Human HEK293T cells used for spike-in calibration of cChIP-seq were grown at 37°C and 5% CO2 in Dulbecco’s Modified Eagle Medium (DMEM) supplemented with 10% fetal bovine serum (Labtech), 2 mM L-glutamine (Life Technologies), 1x penicillin-streptomycin (Life Technologies), and 0.5 mM beta-mercaptoethanol (Life Technologies). Drosophila S2 (SG4) cells used for spike-in calibration of Native cChIP-seq, cnRNA-seq and cATAC-seq were grown adhesively at 25°C in Schneider’s Drosophila Medium (Life Technologies), supplemented with 1x penicillin-streptomycin (Life Technologies) and 10% heat-inactivated fetal bovine serum (Labtech).
Cell line generation
Bap1fl/fl cells were derived from E14TG2a ESCs by a two-step process. First, parallel loxP sites flanking exon 4 of the Bap1 gene were inserted using a targeting construct with homology arms of approximately 1 kb and three different Cas9 guides specific for the Bap1 locus (sgRNA target sequences: TCAAATGGATCGAAGAGCGC, CAAGGTAGGGACACAATAAA, TAAAACACCACCAACTACAG). Second, CreERT2 was inserted into the Rosa26 locus using a Rosa26-specific Cas9 guide (sgRNA target sequence: CGCCCATCTTCTAGAAAGAC). The same targeting construct and Cas9 guides were used to generate PRC1CPM;Bap1fl/fl cells from a PRC1CPM parental cell line. Loss of BAP1 in response to OHT treatment in Bap1fl/fl and PRC1CPM;Bap1fl/fl ESCs was confirmed using RT-qPCR and western blot analysis.
PRC1CPM cells were generated and characterised in a previous study (Blackledge et al. 2020). Briefly, a targeting construct for this cell line comprised exon 3 of Ring1b in forward orientation (flanked by 100 bp of Ring1b intron 2/intron 3), followed by a mutant copy of exon 3 (encoding I53A and D56K mutations) in reverse orientation (flanked by splice donor and acceptor sites from mouse IgE gene). Both the wild-type and mutant versions of exon 3 were codon-optimized at wobble positions to minimize sequence similarity. The wild-type/mutant exon 3 pair was flanked by doubly inverted LoxP/Lox2272 sites and approximately 1 kb homology arms. The targeting construct was transfected into E14TG2a ESCs in combination with three different Cas9 guides specific for the Ring1b gene. Correctly targeted homozygous clones were identified by PCR screening, followed by RT-PCR and sequencing to check for splicing defects. Using a similar approach, the I50A/D53K mutation was constitutively knocked-in into both copies of the endogenous Ring1a gene. Finally, CreERT2 was inserted into the Rosa26 locus using a Rosa26-specific Cas9 guide.

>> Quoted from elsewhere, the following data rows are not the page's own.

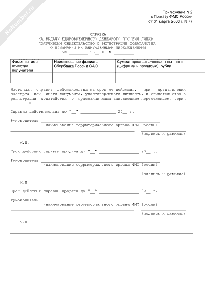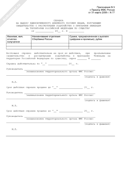 - 176Справка на выдачу единовременного денежного пособия лицам, получившим свидетельство о рассмотрении ходатайства о признании беженцем на территории Российской Федерации по существу
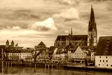 view from danube Old Town of Regensburg - Bavaria. UNESCO world heritage site in Germany
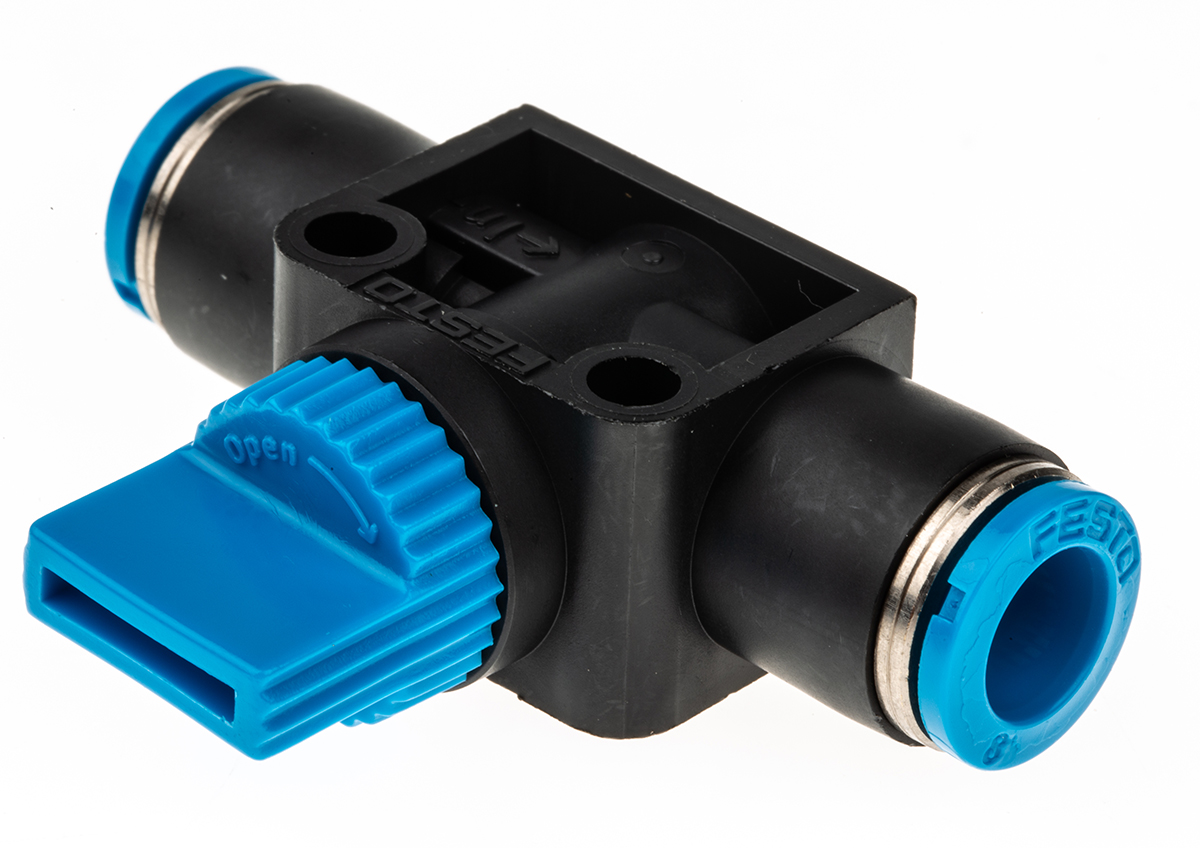 This is HE Series Pneumatic Manual Control Valve PBT manufactured by Festo. The manufacturer part number is HE-2-QS-8. The product's body is nicely designed from pbt materials. It comes in manual control valve configuration.

Genome engineering by CRISPR/Homology-Directed Repair (HDR)
The pSptCas9(BB)-2A-Puro(PX459)-V2.0 vector was obtained from Addgene (#62988) and sgRNAs were designed using the CRISPOR online tool (http://crispor.tefor.net/crispor.py). Targeting constructs with appropriate homology arms were generated by Gibson assembly using the Gibson Assembly Master Mix kit (NEB). Targeting constructs were designed such that Cas9 recognition sites were disrupted by the presence of the LoxP sites. ESCs (one well of a 6-well plate) were transfected with 0.5 μg of each Cas9 guide and 2 μg of targeting construct using Lipofectamine 3000 (ThermoFisher) according to manufacturer’s guidelines. The day after transfection, cells were passaged at a range of densities and subjected to selection with 1 μg/ml puromycin for 48 hr to eliminate non-transfected cells. Approximately a week later, individual clones were isolated, expanded and PCR-screened for the desired genomic modifications.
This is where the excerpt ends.